|
Post by Shelby Crescent on Jan 17, 2009 21:40:02 GMT
"Mom slow down. We're not in a hurry, we have all day." "Jenny leave me be. I'm fine." I mutter before nearly tripping over my own not injured foot, well it might be injured by the end of the day though. "See I told you. Your self-pride is bigger than your as--" "Serenity Crescent shut your mouth or I will jinx it off!"
I sigh a little before seeing a couple people on the streets were laughing at us. Jenny just shrugs and picks up the bags I was carrying as I check on my foot. It was Liese's birthday in a week and I had to get birthday presents, supplies, order a cake everything still. Normally this would have all been done by now if it wasn't for Logan Andrews.
In the past few days, I broke up with my boyfriend in hopes that someone who I didn't know if they were in love with me or not did in fact love me. My luck, Fitzy didn't... go figure. Like usual I'm always second best in the romance department. Maybe I'm just supposed to have millions of children with men who love others more than me. Talk about being a whore. I really don't care if women now glare at me as I pass by. That's their own problem if they don't like me. I really don't care.
"Mum, look they have a sale on cloaks. Weren't you going to buy Liese a new yellow one or did she want a different color?" I smile over at the eldest of my bunch before nodding. "Yes she wanted a purple one. Thanks love." I say softly before watching her go into the shop and start looking for Liese's size and the right color.
It was quite funny now, seeing Jenny be a mother figure for the kids, especially with everything that has happened to me in the past couple of years. Jay's passing, many boyfriends and girlfriends, job switching, almost losing the house. When she lived at home, she never lifted a finger to help with the younger ones and now she took on my responsibility it seems. I always feel guilty about it, but she knows I appreciate her help.
|
|
|
Post by Logan Andrews on Jan 17, 2009 21:58:49 GMT
I don't know when I'm going to go home. Well, it's not really home, is it? It never was. It's Arden's house, the place where I've been hiding out for the past few weeks, the place I'm staying on a non-permanent basis that sort of stretched out for a while until it got to the point where it almost seemed like it might be indefinite. I don't really have a home, I suppose. I've lived in a lot of places in my time, but I don't know. Home is a strange thing though. Hard to define properly. A place or a concept or a state of mind, I suppose. If it's the state of mind, then I really don't have a home at all. If it's the place, then I suppose I could always go back there now.

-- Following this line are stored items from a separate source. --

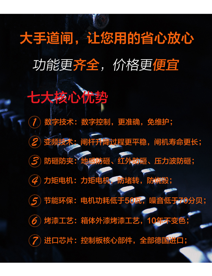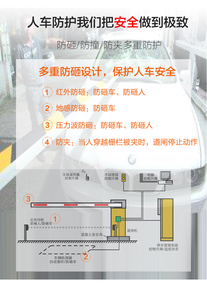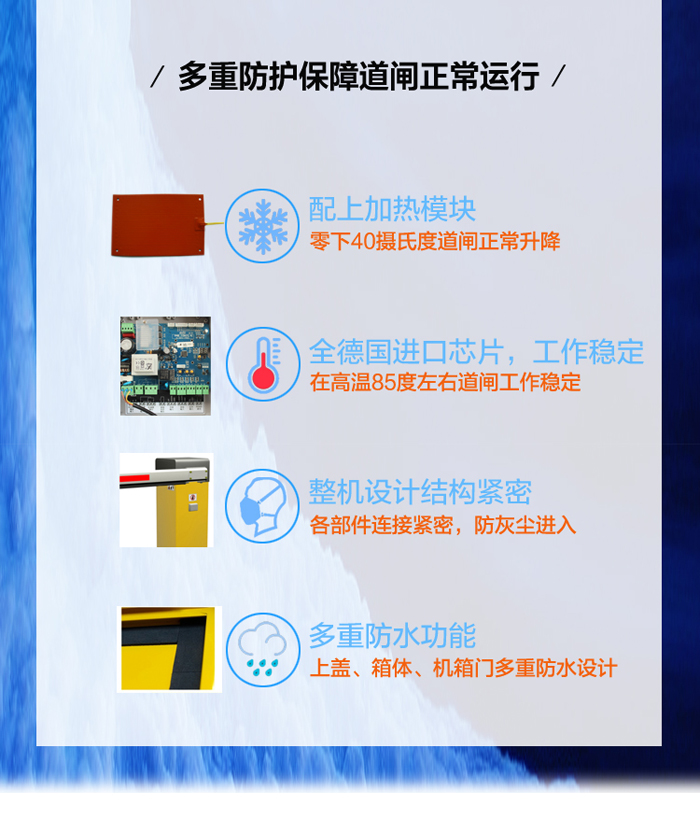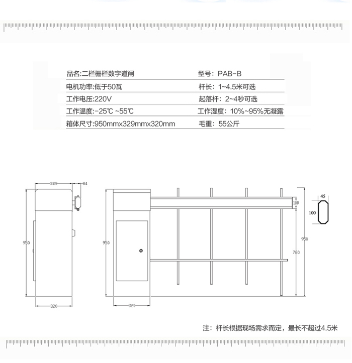 二欄柵欄數(shù)字道閘-B型,在直桿道閘的基礎(chǔ)上再加上一根橫欄,整體由道閘箱體和二欄柵欄組成。桿長(zhǎng)最多4.5米,閘機(jī)升降速度在1秒、1.5秒、2秒、3秒、4秒之間可選。二欄柵欄同時(shí)具備兩大優(yōu)勢(shì):1、外形美觀大方;2、防止人員直接從閘桿下方鉆進(jìn)鉆出。富有人性化設(shè)計(jì)的二欄柵欄數(shù)字道閘,可以有效防止閘桿抖動(dòng),避免意外事件發(fā)生。道閘與大手各類停車系統(tǒng)都能完美匹配,是停車管理系統(tǒng)的得力助手。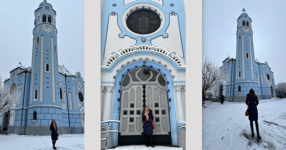 1 Ianuarie 2025 a venit foarte rapid și cred, CRED că a fost după Revelionul cel mai scurt. Ne-am culcat pe la ora 2, când după artificii și’un copil ce dormea buștean, am umărit în liniște două episoade din mini seria Lidia Poët, cu regretul că mai aveam doar ultimul episod din sezonul 2 si nu știam atunci, cum nu știu nici acum, dacă se mai face alt sezon :( A doua zi urma să plecăm spre Budapesta, cu planuri mari pentru un city break de iarnă, într-un oraș văzut de nenumărate ori (sper să scriu). Dar înainte mai aveam ceva de făcut, restanță de cu 10 ani în urmă… să mergem la Biserica Albastră (Biserica Sf. Elisabeta, cunoscută în mod obișnuit ca Biserica Albastră, este o biserică catolică maghiară, supranumită așa, datorită culorii faţadei sale, mozaicurilor din faianţă italiană şi acoperişului său albastru). Și bine am făcut, pentru că a fost o încheiere absolut minunată a acestei revederi cu Bratislava, ne-a lăsat cu sentimente foarte bune vis a vis de oraș și față de această țară “mică, dar voinică”. Cred că vom reveni cândva, pentru a treia oară… chiar cred…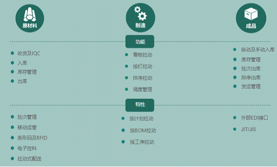 靈活多樣的物料拉動管理,支持排序、備料、手工拉動、Andon等多種配送方式 ;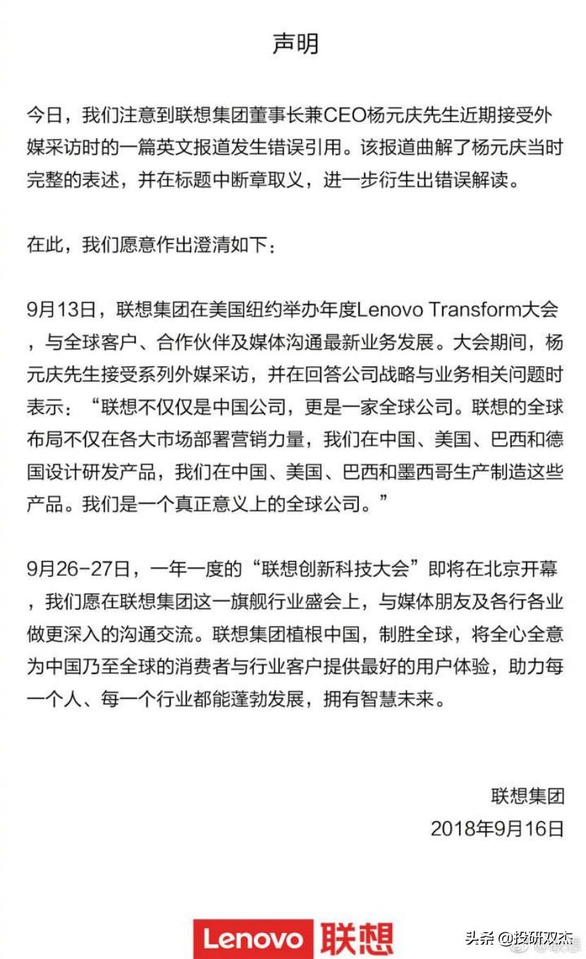 9月16日,联想集团连夜发布声明,表示英媒的报道“曲解了CEO杨元庆当时完整的表述,并在标题中断章取义,进一步衍生出错误解读”。
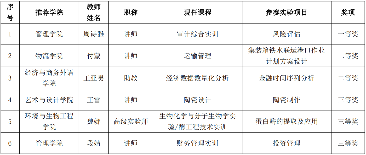 此次比赛获管理学院领导高度重视,积极组织教师参加比赛;参赛教师们认真准备,辛勤付出,展现了管理学院教师的良好风貌。此次奖项的获得,不仅是对两位老师教学能力的认可,也是管理学院教学成果的体现。管理学院的教师们将继续努力,推动实验教学改革,提高教学质量,为我校人才培养做出更大的贡献。

But I won't. I didn't go to all this trouble leaving and wandering around trying to sort my head out, turning up at Riley's in the middle of the night, and then finally stumbling my way up here and wondering how the hell it got to be the next day already when it doesn't feel like it's been all that long at all. And all I keep coming round to is that love is absolutely ridiculous and pointless and that, yes, I still am angry and that yes, I refuse to go back to Arden's until I am not angry anymore. Who knows when that will be? But...I think that it's fair. My temper can be highly a dangerous thing and I don't want to lose it and hit her or something. Because really, I think I sort of want to. Or at least do something to convey just how pissed off at her I genuinely am.

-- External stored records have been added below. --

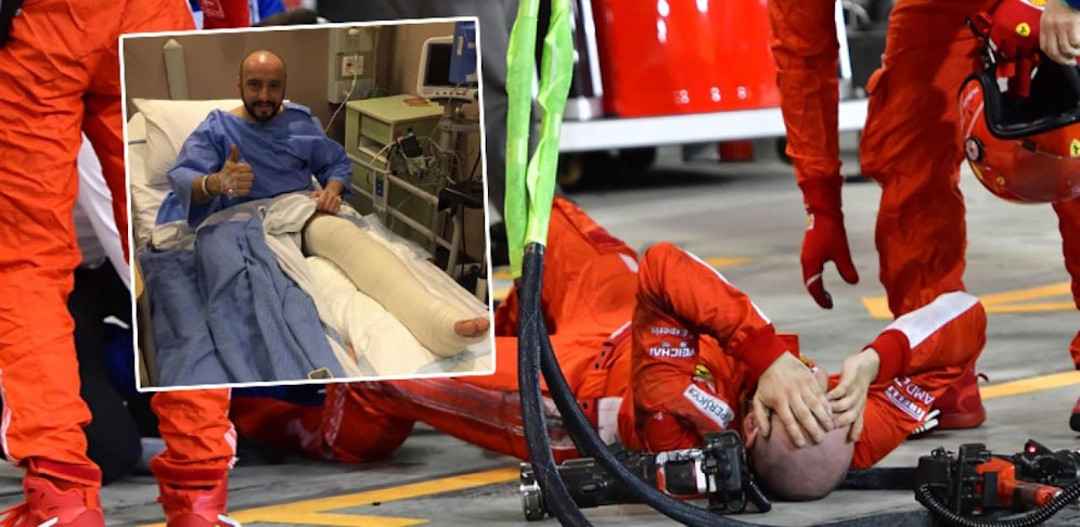 Es sind schreckliche Bilder, die sich in den Kopf einbrennen. Beim Grand Prix von Bahrain fährt Kimi Räikkönen beim Boxenstopp dem Ferrari-Mechaniker Francesco Cigarini unabsichtlich über den Fuß und bricht ihm Schien- und Wadenbein. Die Bilder des vor Schmerzen schreienden Italieners gehen um die Welt – jetzt meldet er sich nach einer Not-Operation aus dem Krankenhaus.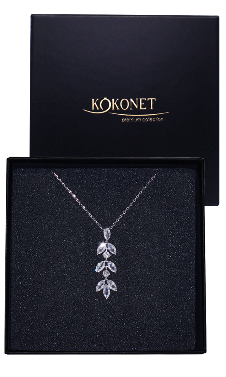Naszyjnik z wiszącymi listkami ślubny srebrny klasyczny boho glam zawieszka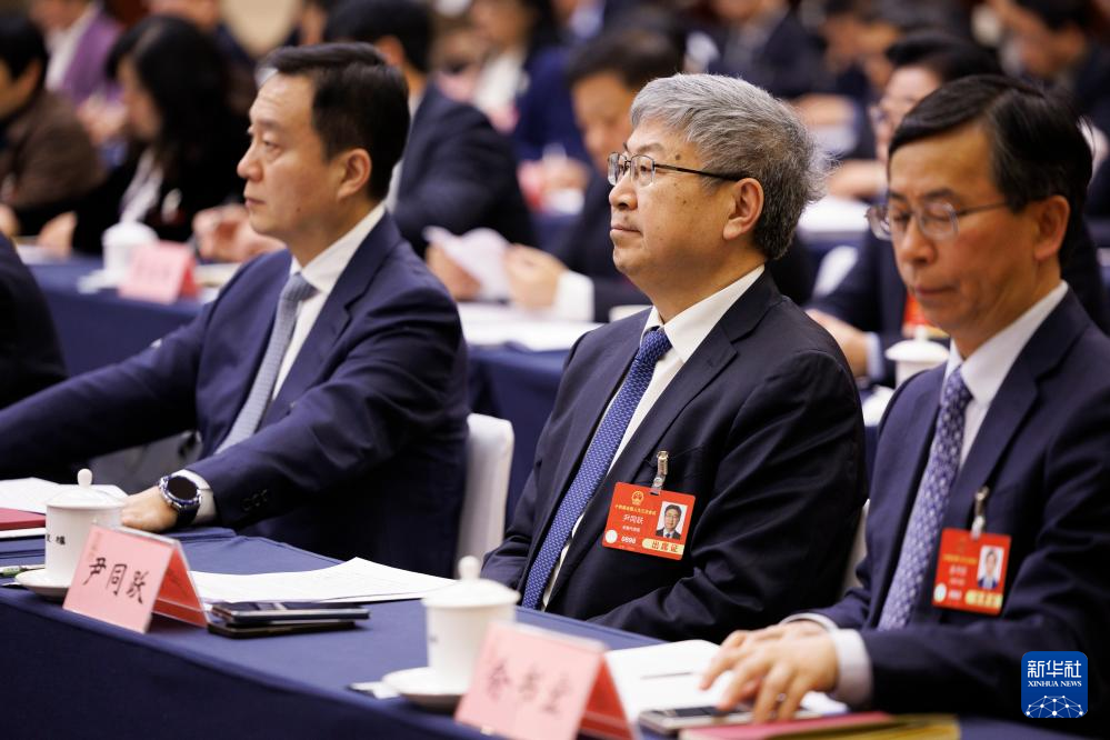3月5日,尹同跃(中)在十四届全国人大三次会议安徽代表团全体会议上听会。

I think that it's time to stop thinking about it though. The sooner I stop thinking about it, it stands to reason the sooner I will be calm. Although nothing really stands to reason because I got no sleep last night, because I hadn't slept properly for days beforehand anyway under the combined pressure of a torture, murder and Arden's suicide attempt to dwell on. So reason may be just a bit beyond my grasp as it is.
I shove my hands into my pockets, looking up from the ground I've been studying belatedly and end up clipping my shoulder against some woman's by accident. "Sorry," I mutter, with too much aggression behind the word to make it sound even halfway sincere, and then I look at her and realise just who it is and roll my eyes. Brilliant. Just what I need.
|
|
|
Post by Shelby Crescent on Jan 17, 2009 22:05:13 GMT
"Fucking Broomsticks..." I mutter before dropping my purse now as well. I wince slightly before bending down and grabbing the strap, tossing it back onto my shoulder before looking at who bumped into me. "What are you doing here?" I mumble before I attempt to cross my arms slightly but my bandaged left arm isn't letting me. I still have a wrap around my right leg, ribcage and left arm with a few stitches on my right cheek and near my eyebrow.
I wait for his answer before seeing Jenny run out of the store, her brunette curls bouncing around with a grin on her face once reaching me and not noticing Logan yet. "Look! It's the prettiest purple hue. And just her size too. It was only four sickles so I figured I could buy it as a birthday present for her mum." she says as she pulls her bright yellow one around her more. "What's wrong... You!" she mutters before already trying to stand in front of me like a mother protecting her children. "Haven't you done enough already?" she starts to lecture him before I pull on her arm and push her back. "Jenny, shush. Stay out of this."
|
|
|
Post by Logan Andrews on Jan 17, 2009 22:15:01 GMT
"It's a free country," I answer after a heartbeats pause. Not quick enough to be considered wit really, and it was a bit of a stupid answer anyway. But she can't ask me what I'm doing here like that when I have every right to be. And I really do need to just...stop being so tired and angry and then I'd probably make more sense and have more logical responses, but until then...I don't care.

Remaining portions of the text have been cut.